- Dataset excerpt
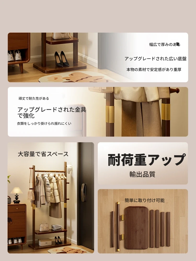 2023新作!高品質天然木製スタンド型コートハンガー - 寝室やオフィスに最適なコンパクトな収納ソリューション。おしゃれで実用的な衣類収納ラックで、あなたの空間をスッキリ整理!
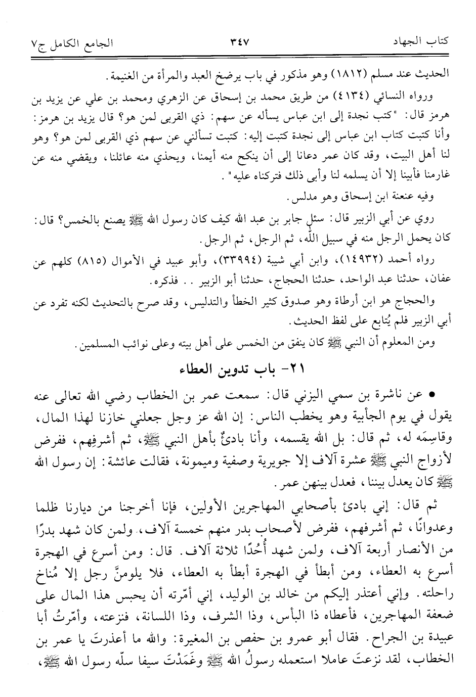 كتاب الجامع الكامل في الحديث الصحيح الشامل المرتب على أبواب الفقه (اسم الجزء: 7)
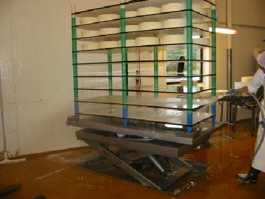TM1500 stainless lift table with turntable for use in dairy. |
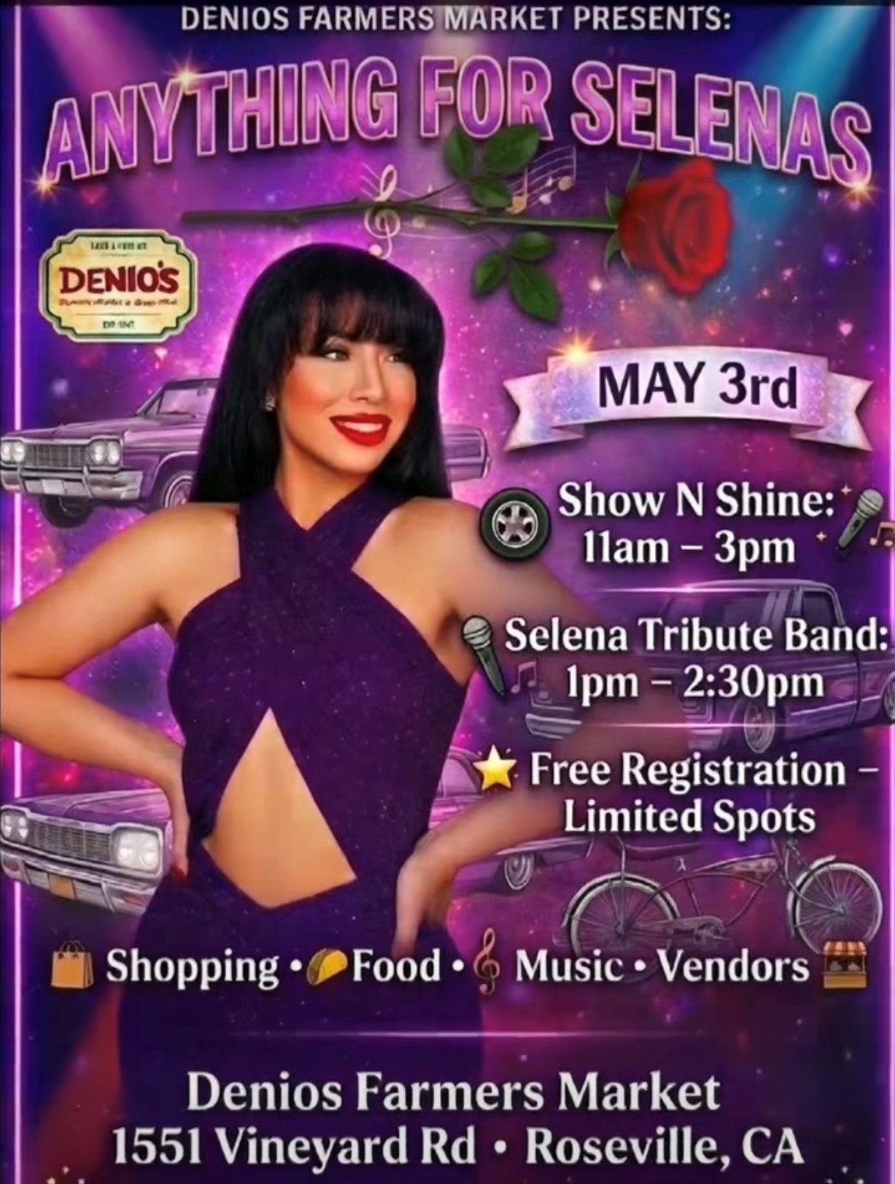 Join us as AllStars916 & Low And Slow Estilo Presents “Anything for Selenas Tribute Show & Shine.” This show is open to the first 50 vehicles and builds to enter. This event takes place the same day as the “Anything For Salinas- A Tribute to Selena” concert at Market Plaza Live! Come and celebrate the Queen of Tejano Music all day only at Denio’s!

- Assignment
All of the data above needs to be retyped exactly, with the pictures removed.

- Result of this task
 2023新作!高品質天然木製スタンド型コートハンガー - 寝室やオフィスに最適なコンパクトな収納ソリューション。おしゃれで実用的な衣類収納ラックで、あなたの空間をスッキリ整理!
 كتاب الجامع الكامل في الحديث الصحيح الشامل المرتب على أبواب الفقه (اسم الجزء: 7)
TM1500 stainless lift table with turntable for use in dairy. |
 Join us as AllStars916 & Low And Slow Estilo Presents “Anything for Selenas Tribute Show & Shine.” This show is open to the first 50 vehicles and builds to enter. This event takes place the same day as the “Anything For Salinas- A Tribute to Selena” concert at Market Plaza Live! Come and celebrate the Queen of Tejano Music all day only at Denio’s!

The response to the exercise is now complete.